YOUR OBJECTIVE — Each record below needs to be reproduced precisely, though not its pictures.

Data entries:
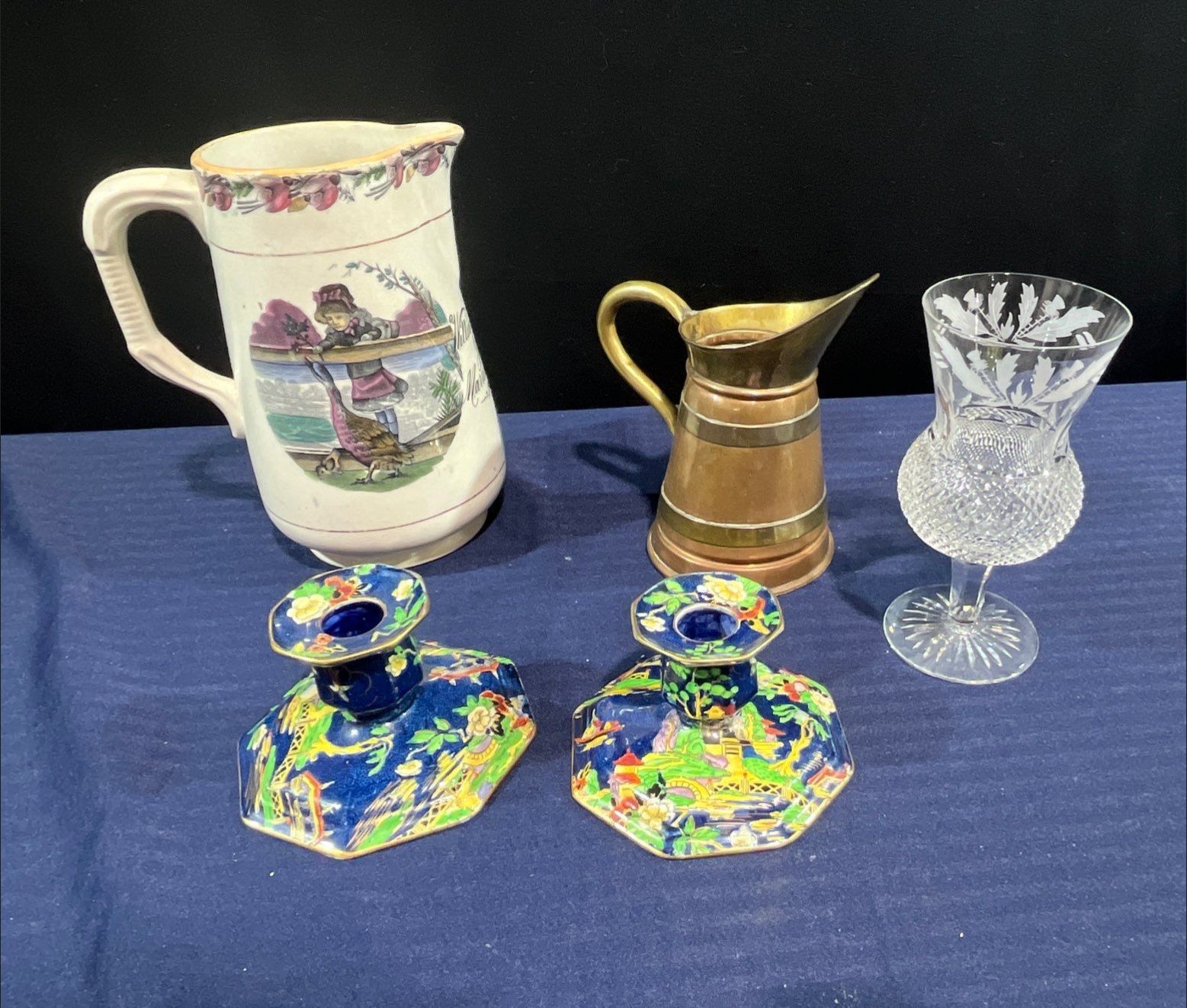 Handpainted Candle Holders, Crystal Cup, Brass and Porcelain Pitchers
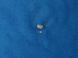 | Description / विवरण | Bead of crystalline quartz in triangular cross section with a smooth surface and perforation at the center. |
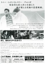 解説 「天使の涙」に続く、香港映画界の雄ウォン・カーウァイの監督作。南米を舞台にした、愛し合うふたりの男の葛藤。前作のイメージを一新する、意欲に満ちた斬新な演出が見逃せない。
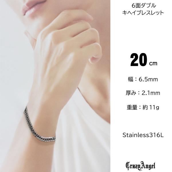 喜平 ブレスレット メンズ 20cm メンズブレスレット シルバー ステンレス チェーンブレスレット ステンレスブレスレット 6面ダブル
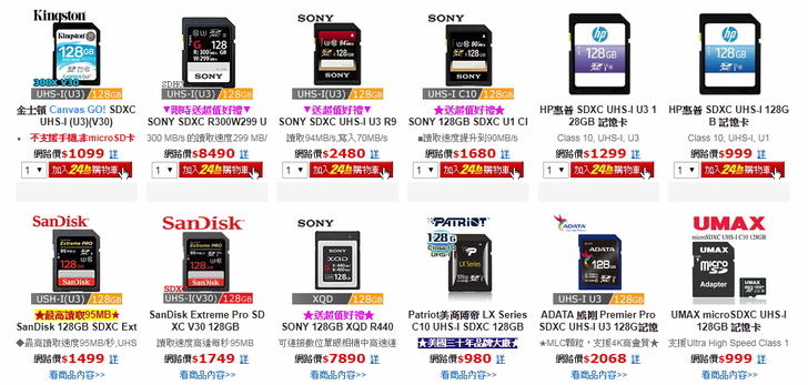 ▲琳琅滿目相同容量的產品,卻因產品廠商/品質有所不同,造成產品有著巨大的價差
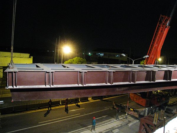 項目部秉承“安全防范精細到位,質量管理精益求精,環境保護精心操作,成本控制精打細算”的管理方針,扎實落實安全第一、預防為主”的指導思想,在跨線墩施工期間,積極和當地交警、路政、電力公司等相關部門組織協調,做好管線搬遷、施工組織設計和交通疏解工作,加強質量控制,由指揮部和項目部領導牽頭組織對施工方案進行專家評審,并嚴格安全技術交底制度,由項目部總工程師親自到現場進行安全技術交底,對開展形式多樣的安全培訓教育活動。通過全體員工的共同努力,針對下步鋼梁架設過程中可能出現的安全問題制定出詳細周密的施工方案,利用夜間車輛相應較少時段進行施工,請交警協助維護交通秩序,在得到交警部門施工組織方案審批后,4月27日展開了鋼梁架設工作。

WORKED SOLUTION —
 Handpainted Candle Holders, Crystal Cup, Brass and Porcelain Pitchers
 | Description / विवरण | Bead of crystalline quartz in triangular cross section with a smooth surface and perforation at the center. |
 解説 「天使の涙」に続く、香港映画界の雄ウォン・カーウァイの監督作。南米を舞台にした、愛し合うふたりの男の葛藤。前作のイメージを一新する、意欲に満ちた斬新な演出が見逃せない。
 喜平 ブレスレット メンズ 20cm メンズブレスレット シルバー ステンレス チェーンブレスレット ステンレスブレスレット 6面ダブル
 ▲琳琅滿目相同容量的產品,卻因產品廠商/品質有所不同,造成產品有著巨大的價差
 項目部秉承“安全防范精細到位,質量管理精益求精,環境保護精心操作,成本控制精打細算”的管理方針,扎實落實安全第一、預防為主”的指導思想,在跨線墩施工期間,積極和當地交警、路政、電力公司等相關部門組織協調,做好管線搬遷、施工組織設計和交通疏解工作,加強質量控制,由指揮部和項目部領導牽頭組織對施工方案進行專家評審,并嚴格安全技術交底制度,由項目部總工程師親自到現場進行安全技術交底,對開展形式多樣的安全培訓教育活動。通過全體員工的共同努力,針對下步鋼梁架設過程中可能出現的安全問題制定出詳細周密的施工方案,利用夜間車輛相應較少時段進行施工,請交警協助維護交通秩序,在得到交警部門施工組織方案審批后,4月27日展開了鋼梁架設工作。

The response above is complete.